Hamid bin Ahmad Al Rifaie () (born 1940) is a Saudi Arabian activist and thinker, president of the International Islamic Forum for Dialogue (IIFD ), and co-president of the World Muslim Congress.

Biography
Al-Rifaie was born in 1940 in Busor Alharer village in the Huraan region of Syria to a well-known family. His father, Sheikh Ahmed bin Zaal Beck Al-Rifaie, was an American educated tribal leader. His grandfather, Sheikh Zaal Beck Al-Rifaie, was also from the leaders and dignitaries in Huraan. He played an important role in the national revolution against the French, and was the right-hand man of Huraan Sheikh Ismail Pasha Al-Rifaie during and after the French mandate over Syria.
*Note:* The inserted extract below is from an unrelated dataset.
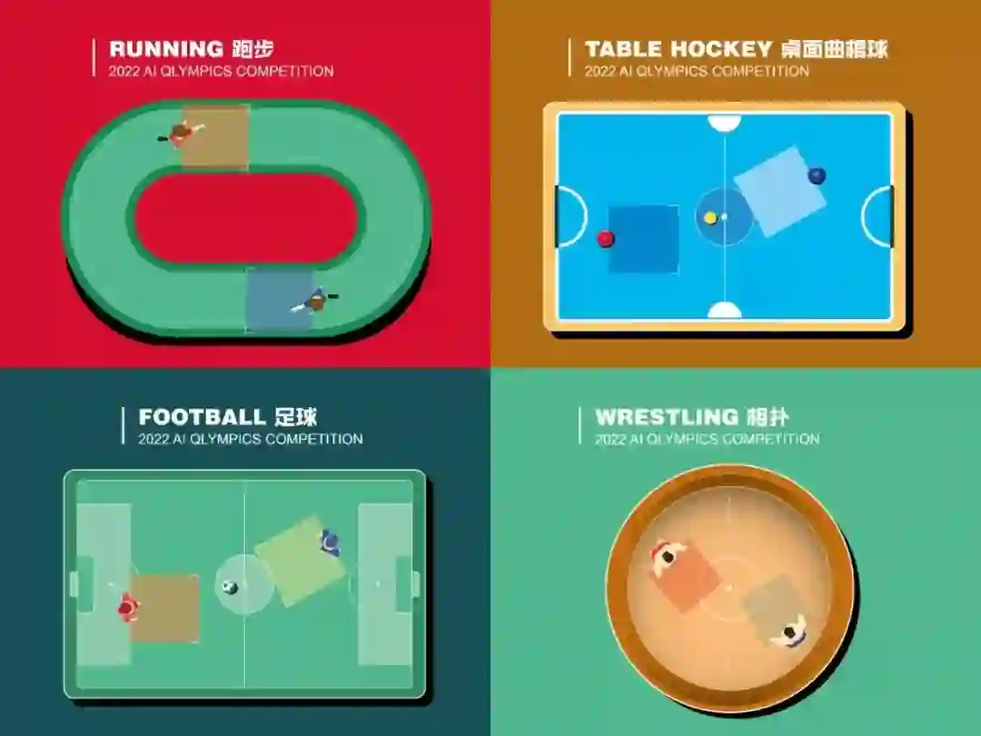 “AI奥林匹克竞赛”打造了丰富有趣的竞赛环境,包含足球、跑步、桌面曲棍球、相扑等项目,将在不同的环境中对参赛智能体进行测试,充分考察智能体泛化性,与广大参赛者一道推动通用决策智能体的研究。
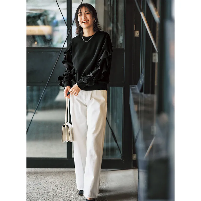 フリル袖が華やかなアクセントに。

Hamid Al Rifaie earned his B.Sc. in chemistry and geology from the University of Damascus and M.Sc. in industrial organic chemistry from Al-Azhar University and Surry University. He was awarded his PhD in organic chemistry from Cairo University.

Career

International Islamic Forum for Dialogue
Al-Rifaie, during his activities in IIFD, signed more than ten protocols pertaining to dialogue between IIFD and international cultural and religious foundations such as:

The Pontifical Council for Interreligious Dialogue  - Vatican.
The American National Council of the Churches of Christ-Washington.
The Middle East Council of Churches - Cyprus.
The World Council of Churches - Geneva.
The Russian Cultural Glory Center - Moscow.
The World Buddhist Sangha Council - Taiwan .
The Middle East Institute for Peace and development - New York.
The World Hindu Council - New Delhi.

Academic position
 Secondary School - Teacher of Chemistry, 1962–1978.
 Professor of industrial organic chemistry–King Abdul Aziz University, 1978–1998.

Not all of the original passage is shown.